Le Journal de Montréal titrait en début de semaine : « Un record d’antidépresseurs ». Nous apprenions dans cet article que l’an dernier, plus de 11 millions d’ordonnances avaient été prescrites dans la province. Ça fait pas mal de pilules, mes amis! On signalait que c’était une augmentation de près de 10% par rapport à l’an dernier. La déprime semble en croissance constante chez nous. Plusieurs facteurs contribueraient à cette hausse : troubles de l’humeur, vieillissement, isolement, effritement du tissu social, crise économique, etc. De nombreux spécialistes mentionnent que la dépression demeure encore un sujet assez tabou chez nous. Il y a des préjugés qui sont fort résistants et nombre de personnes hésitent à consulter pour obtenir de l’aide. La dépression, c’est un mal qui nous mine de l’intérieur au fil des jours.
Nous vivons tous des moments de doute, de vague à l’âme, d’échecs même. Et il arrive un jour où tout bascule sans trop savoir pourquoi. On se sent inutile, impuissant, déçu; on ne dort presque plus et on perd l’appétit; on manque d’intérêt et on fuit les autres; on se sent épuisé et on ressent une certaine culpabilité; on a même parfois des pensées morbides, voire suicidaires. Que se passe-t-il au juste? On ne se reconnaît plus, on n’ose pas l’avouer et on hésite à s’ouvrir et à demander l’aide salutaire.
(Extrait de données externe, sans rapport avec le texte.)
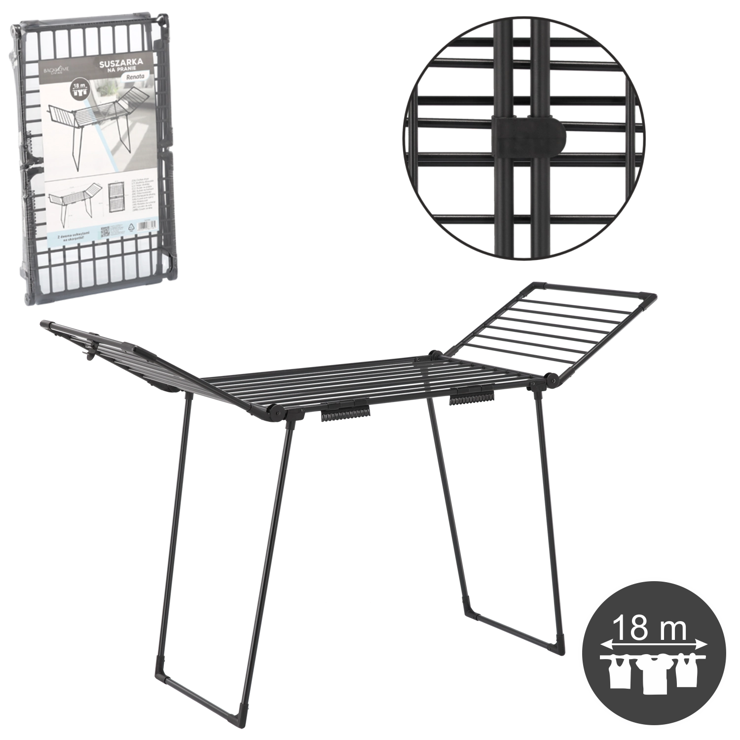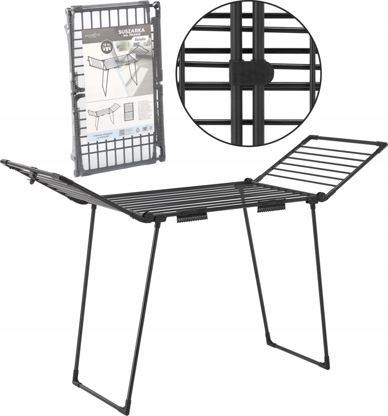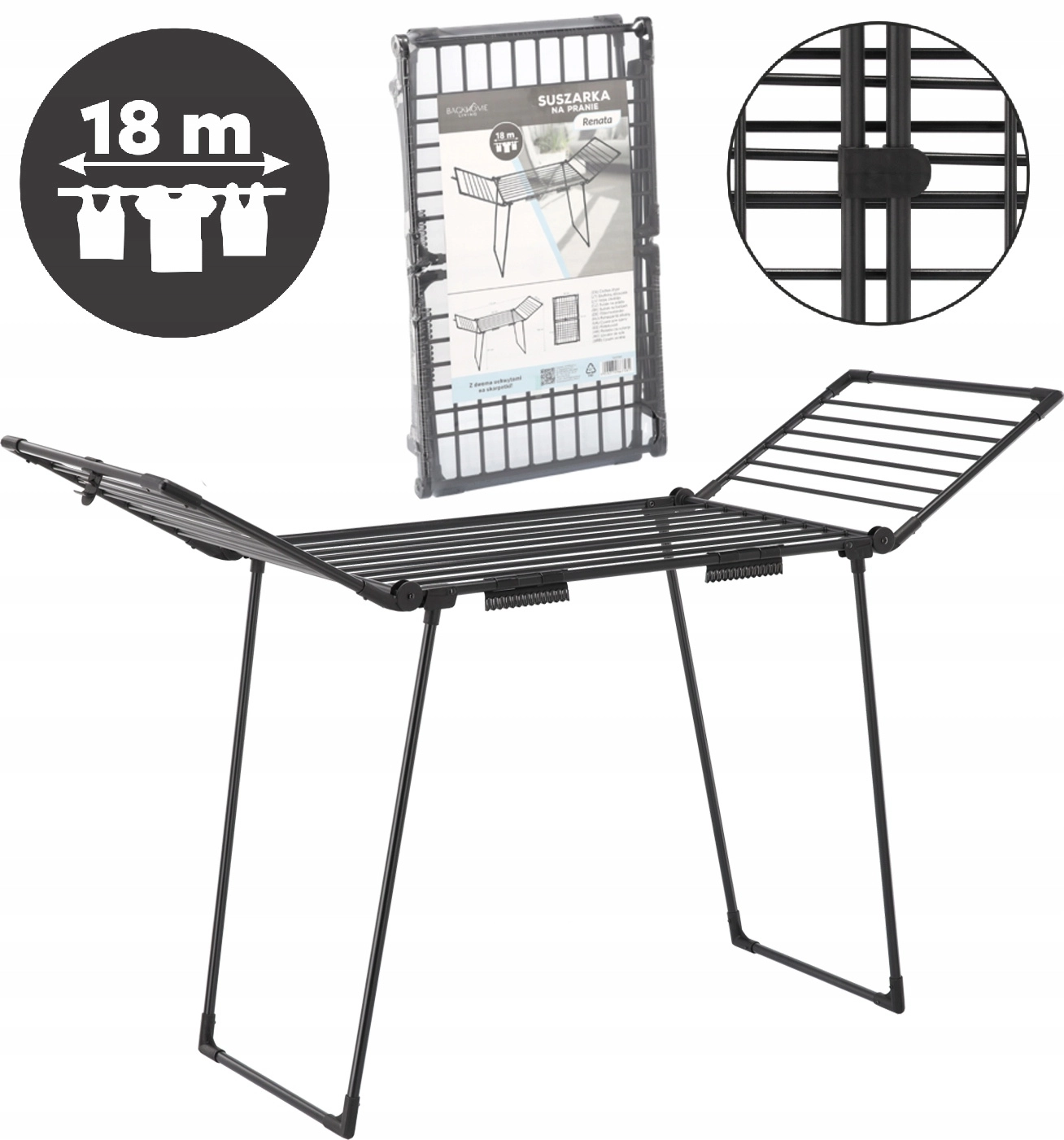 Vous cherchez un séchoir spacieux et résistant pour un séchage quotidien ? Le séchoir à linge Renata de BackHomeLiving offre tout ce dont vous avez besoin : une construction stable, une grande surface de séchage et des détails astucieux pour une utilisation confortable à la maison comme en extérieur. Sa finition noir mat s’intègre aux intérieurs modernes et le revêtement par poudre protège de la corrosion.

Ces statistiques dévoilées cette semaine me font penser à Paul-André, un jeune homme dans la trentaine, à la belle prestance, mais au regard triste. Il me dit un jour, tout bonnement, en me regardant droit dans les yeux: « Tu sais, pendant dix ans, je suis passé à côté de ma vie. » Intrigué par cet aveu, j’avais à peine ouvert la bouche qu’il continua à me parler avec une étonnante éloquence : « J’étais fatigué et je n’avais envie de rien. J’ai commencé à m’éloigner de mes amis, à me refermer sur moi-même. J’avais aussi du mal à me concentrer et à travailler. J’ai consulté mon médecin et il m’a prescrit des médicaments. J’en ai pris pendant plusieurs années. Mais, ce sont des proches qui m’ont aidé le plus. Je me sens mieux, mais je reste fragile, vulnérable. »
Fragiles et vulnérables, nous le sommes. Personne n’est à l’abri d’une dépression. Elle est l’un des troubles psychologiques les plus fréquents, mais souvent mal connu du grand public. D’ailleurs, le mot n’a pas la même signification pour tout le monde. Entre 10 et 25 % des femmes risquent de faire une dépression au cours de leur vie; chez les hommes, 5 à 12 % d’entre eux courent le même risque. Dans le jargon médical, l’on distingue généralement deux types de dépression : la dépression majeure et la dysthymie. La première consiste en un ou plusieurs épisodes dépressifs majeurs qui tranchent avec le fonctionnement habituel de la personne. La dysthymie se caractérise davantage par des symptômes dépressifs chroniques et persistants qui peuvent durer plusieurs années.
L’Association canadienne pour la santé mentale estime qu’un Canadien sur cinq éprouvera une maladie mentale à un moment quelconque durant sa vie. Selon plusieurs rapports médicaux, il est possible de guérir plus de 60% des cas de dépression en associant judicieusement les antidépresseurs et la psychothérapie. Plusieurs études démontrent aussi que l’exercice pratiqué régulièrement fait fuir la dépression. Francine Therrien, kinésiologue, signale que la course repousse les frontières de la dépression. Dans certains cas, un exercice intense et régulier pourrait être aussi efficace que la prise d’antidépresseurs. Une activité sportive intense, pratiquée trois fois par semaine, aurait, selon la chercheure de l’Université de Sherbrooke, des effets neurologiques appréciables et contribuerait à lutter contre la dépression. Alors qu’attendons-nous pour chausser nos godasses et partir à la découverte des paysages splendides de cet automne des plus cléments. Qui sait ce que nous découvrirons au détour d’un sentier?
Le bonheur n’est-il pas fait de petites choses, de simples gestes, de paroles anodines, de larges sourires, d’éclats de rires? Il n’est pas toujours facile le chemin qui mène au bonheur. Il est vrai que nous devons penser aussi au bonheur de ceux qui nous entourent et qui nous aiment, mais ce que nous pouvons faire de mieux pour les autres, il me semble, c’est encore d’être heureux. La plus grande source de notre bonheur n’est-elle pas d’être bien avec soi? Devenir soi-même, n’est-ce pas l’aventure parfois difficile mais combien passionnante de toute une vi. J’aime ajouter, même après la vie. Allez, le meilleur est à venir!